:: INFORMATION SUPPLIED

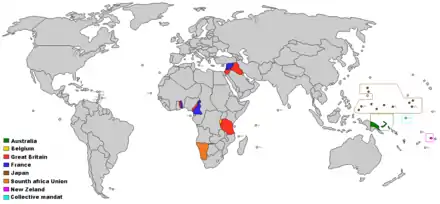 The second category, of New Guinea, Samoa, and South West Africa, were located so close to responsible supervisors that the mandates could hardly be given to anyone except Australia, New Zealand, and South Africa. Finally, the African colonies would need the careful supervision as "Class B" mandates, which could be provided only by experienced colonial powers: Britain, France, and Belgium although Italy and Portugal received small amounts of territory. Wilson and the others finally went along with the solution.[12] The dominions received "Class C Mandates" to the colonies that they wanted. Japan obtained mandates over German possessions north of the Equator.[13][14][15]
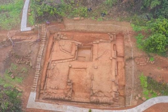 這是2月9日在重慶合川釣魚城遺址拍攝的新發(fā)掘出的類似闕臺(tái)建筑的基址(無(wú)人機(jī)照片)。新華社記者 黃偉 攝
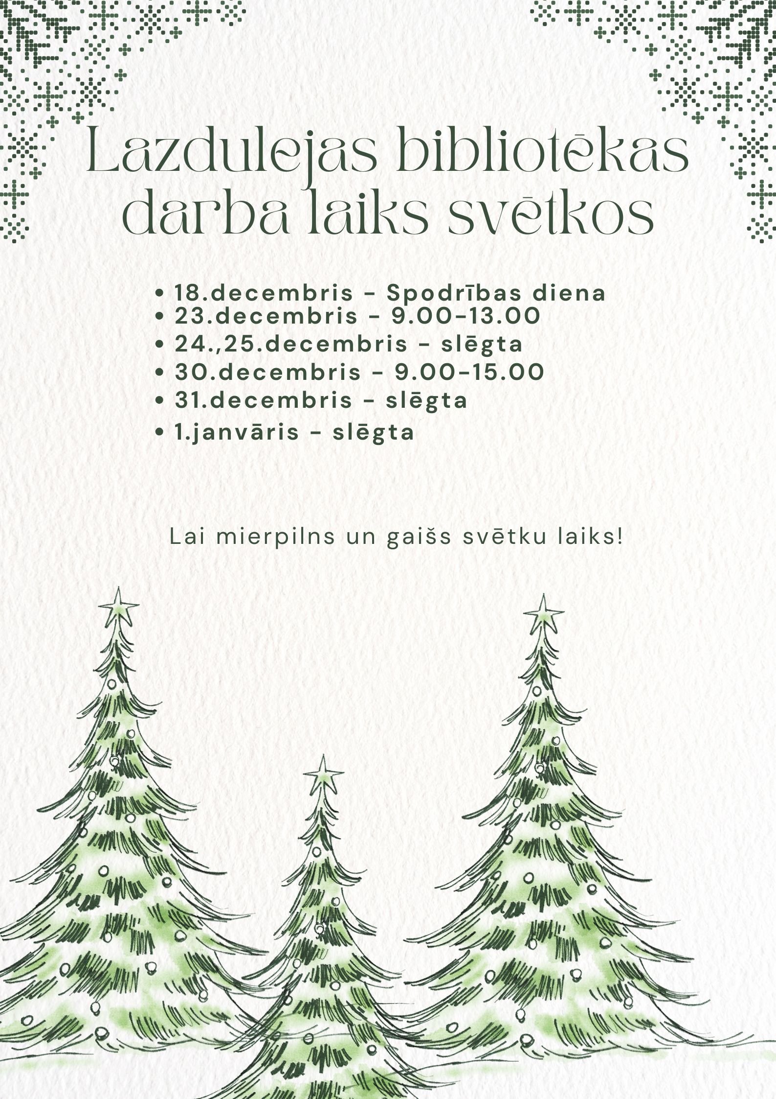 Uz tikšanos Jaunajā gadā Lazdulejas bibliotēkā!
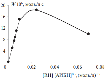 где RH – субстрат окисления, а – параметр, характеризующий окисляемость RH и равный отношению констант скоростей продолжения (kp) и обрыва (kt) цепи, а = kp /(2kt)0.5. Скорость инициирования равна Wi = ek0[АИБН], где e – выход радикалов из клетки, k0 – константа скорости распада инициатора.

::::
:: INFORMATION SUPPLIED

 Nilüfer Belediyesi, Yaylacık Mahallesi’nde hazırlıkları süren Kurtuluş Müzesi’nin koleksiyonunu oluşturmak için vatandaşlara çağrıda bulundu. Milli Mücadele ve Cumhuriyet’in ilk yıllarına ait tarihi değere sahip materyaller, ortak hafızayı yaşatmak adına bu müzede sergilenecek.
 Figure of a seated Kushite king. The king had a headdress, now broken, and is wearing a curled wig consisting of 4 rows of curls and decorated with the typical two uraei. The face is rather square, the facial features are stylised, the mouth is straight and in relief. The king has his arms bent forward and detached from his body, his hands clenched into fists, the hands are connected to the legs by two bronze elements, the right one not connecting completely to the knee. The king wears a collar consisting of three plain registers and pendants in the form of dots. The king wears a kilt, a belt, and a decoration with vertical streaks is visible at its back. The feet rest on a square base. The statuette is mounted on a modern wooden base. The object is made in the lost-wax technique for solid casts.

::::

Copy word for word the span of the records above that begins at the line with "The second category, of" and ends at the line with "где RH – субстрат", including those two lines but not the pictures.

> OUTPUT FOR THIS TASK
 The second category, of New Guinea, Samoa, and South West Africa, were located so close to responsible supervisors that the mandates could hardly be given to anyone except Australia, New Zealand, and South Africa. Finally, the African colonies would need the careful supervision as "Class B" mandates, which could be provided only by experienced colonial powers: Britain, France, and Belgium although Italy and Portugal received small amounts of territory. Wilson and the others finally went along with the solution.[12] The dominions received "Class C Mandates" to the colonies that they wanted. Japan obtained mandates over German possessions north of the Equator.[13][14][15]
 這是2月9日在重慶合川釣魚城遺址拍攝的新發(fā)掘出的類似闕臺(tái)建筑的基址(無(wú)人機(jī)照片)。新華社記者 黃偉 攝
 Uz tikšanos Jaunajā gadā Lazdulejas bibliotēkā!
 где RH – субстрат окисления, а – параметр, характеризующий окисляемость RH и равный отношению констант скоростей продолжения (kp) и обрыва (kt) цепи, а = kp /(2kt)0.5. Скорость инициирования равна Wi = ek0[АИБН], где e – выход радикалов из клетки, k0 – константа скорости распада инициатора.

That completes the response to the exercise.